Exercise in exact copying: restate word for word only the lines below from the one containing "近日,知名游戏外媒kotak" through the one containing "Bedside Lamp w/USB", omitting any pictures.

● ● ●

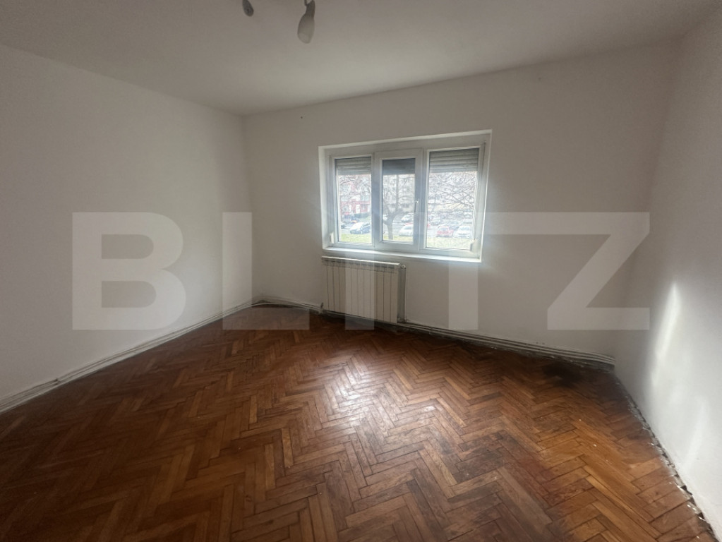 Apartamentul necesită renovare, reprezentând o oportunitate excelentă pentru amenajare după propriul gust. Este dotat cu parchet, ferestre cu termopane, centrală termică nouă și interfon, iar balconul este închis cu PVC, oferind un spațiu suplimentar util.
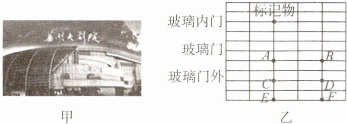 芜湖大剧院立意于开启的贝壳。小王同学发现大剧院的玻璃门(如图甲所示)可简单地验证平面镜成像的某些规律。
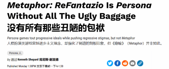 近日,知名游戏外媒kotaku编辑Kenneth Shepard发文称“《暗喻幻想》是没有丑陋包袱的《女神异闻录》。”表示“角色扮演游戏理应宣扬进步主义理念,《女神异闻录》系列之前却强调倒退的刻板印象。”这位编辑同样负责kotaku官方对《暗喻幻想》的评测工作,他最近在多个文章与社交媒体批判了Atlus“之前的恐同倾向”。
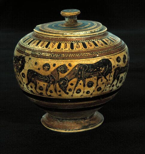 Style corinthien moyen. Attribué au 'peintre de Gélédakis' par Benson. C'est un bon exemple de style corinthien animalier, sans imagination, mais d'exécution soignée : la sirène aux ailes recourbées à leur extrêmité, la panthère, le bouquetin sont caractéristiques du corinthien moyen, de même que la multiplication des rosettes, des taches et des points en sihouette ou à incisions sommaires. La forme de la pysis globulaire apparaît avec le début du 6e siècle.
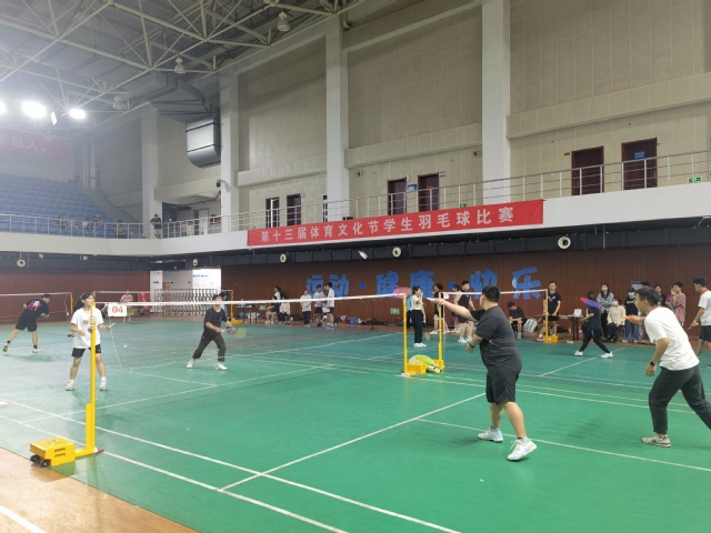 学院第十三届体育文化节学生羽毛球比赛近100多名学生参加。通过本次比赛学生增强身体素质,提高专项技能,增进身心健康,更好地促进学生之间的交流合作,培养德智体美劳全面发展的合格人才具体良好的促进作用。
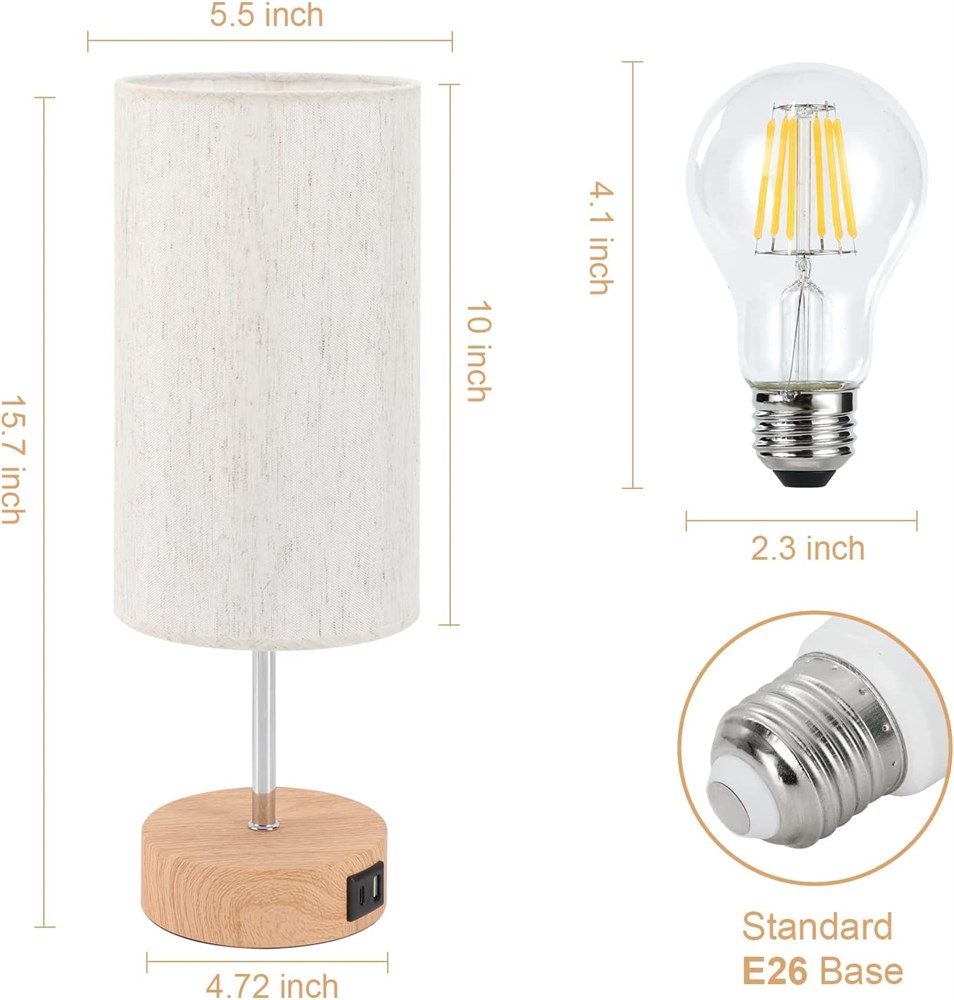Bedside Lamp w/USB & AC Outlet -Touch Control Table Lamp
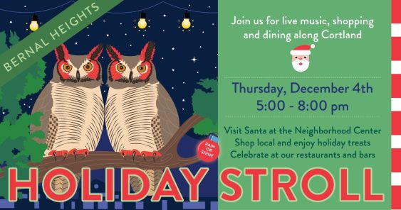Join us for our annual Holiday Stroll along Cortland on Thursday, December 4th from 5-8:00. We will have live music outside the library, Vega’s Pizzeria, Vino Rosso and a Mariachi group strolling from Seafood Station to 3rd Cousin. Santa will again be at the Bernal Heights Neighborhood Center, Or Shalom will be hosting a Hanukkah celebration and the Bernal Village Marketplace will be at Baukunst Studio. Bring your family and friends to shop and dine along Cortland and support your local small businesses this holiday season, with thanks to Avenue Greenlight for their support!
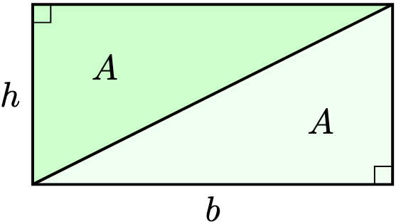 By duplicating the triangle and rotating it, we obtain a rectangle with base and height
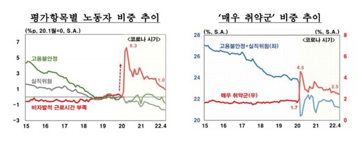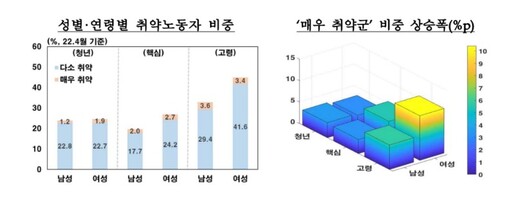 성별·연령별로는 남성 대비 여성의 취약노동자 비중이 더 높았다. 고령층의 경우 팬데믹 직후 고용의 질이 크게 악화됐다. 핵심노동연령층에서 남성보다 여성의 취약노동자 비중이 높은 현상은 경력단절 후 재취업 등의 영향으로 40대 이상 여성의 고용의 질이 저조한 데 주로 기인했다.
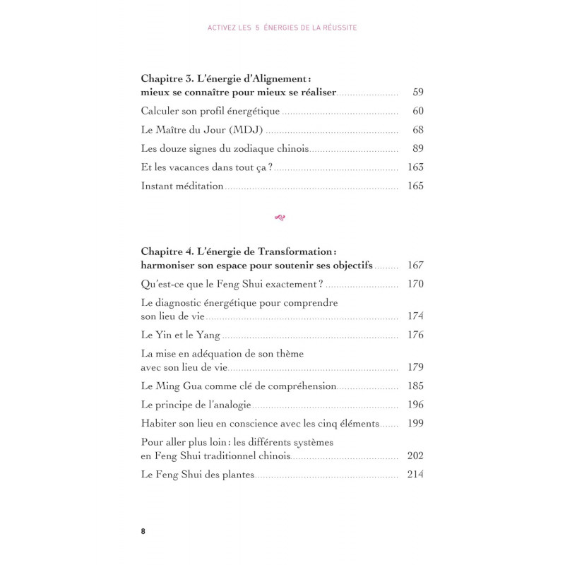 « Comprendre son énergie et son environnement, c’est reprendre le pouvoir sur sa vie. » Grâce aux principes millénaires du Feng Shui et de l’astrologie chinoise, deux sciences ancestrales, vous découvrirez comment décrypter votre énergie, réharmoniser vos lieux de vie et avancer avec confiance dans une nouvelle ère en plein bouleversement. Au fil des pages, vous apprendrez à activer : l’énergie d’Éveil – s’ouvrir à l’invisible et à l’intuition ; l’énergie de Clarté – décrypter votre carte astrologique ; l’énergie d’Alignement – mieux vous connaître pour mieux choisir ; l’énergie de Transformation – faire de votre maison une alliée grâce au Feng Shui ; l’énergie d’Équilibre – harmoniser les 5 éléments au quotidien. Accessible, illustré d’exemples concrets et de témoignages, ce guide pratique vous accompagnera pas à pas pour intégrer facilement ces principes dans votre vie et en tirer des bénéfices immédiats. Prêt à activer les 5 énergies qui changeront votre vie ?

● ● ●

> _RESPONSE TO THE EXERCISE_
 近日,知名游戏外媒kotaku编辑Kenneth Shepard发文称“《暗喻幻想》是没有丑陋包袱的《女神异闻录》。”表示“角色扮演游戏理应宣扬进步主义理念,《女神异闻录》系列之前却强调倒退的刻板印象。”这位编辑同样负责kotaku官方对《暗喻幻想》的评测工作,他最近在多个文章与社交媒体批判了Atlus“之前的恐同倾向”。
 Style corinthien moyen. Attribué au 'peintre de Gélédakis' par Benson. C'est un bon exemple de style corinthien animalier, sans imagination, mais d'exécution soignée : la sirène aux ailes recourbées à leur extrêmité, la panthère, le bouquetin sont caractéristiques du corinthien moyen, de même que la multiplication des rosettes, des taches et des points en sihouette ou à incisions sommaires. La forme de la pysis globulaire apparaît avec le début du 6e siècle.
 学院第十三届体育文化节学生羽毛球比赛近100多名学生参加。通过本次比赛学生增强身体素质,提高专项技能,增进身心健康,更好地促进学生之间的交流合作,培养德智体美劳全面发展的合格人才具体良好的促进作用。
Bedside Lamp w/USB & AC Outlet -Touch Control Table Lamp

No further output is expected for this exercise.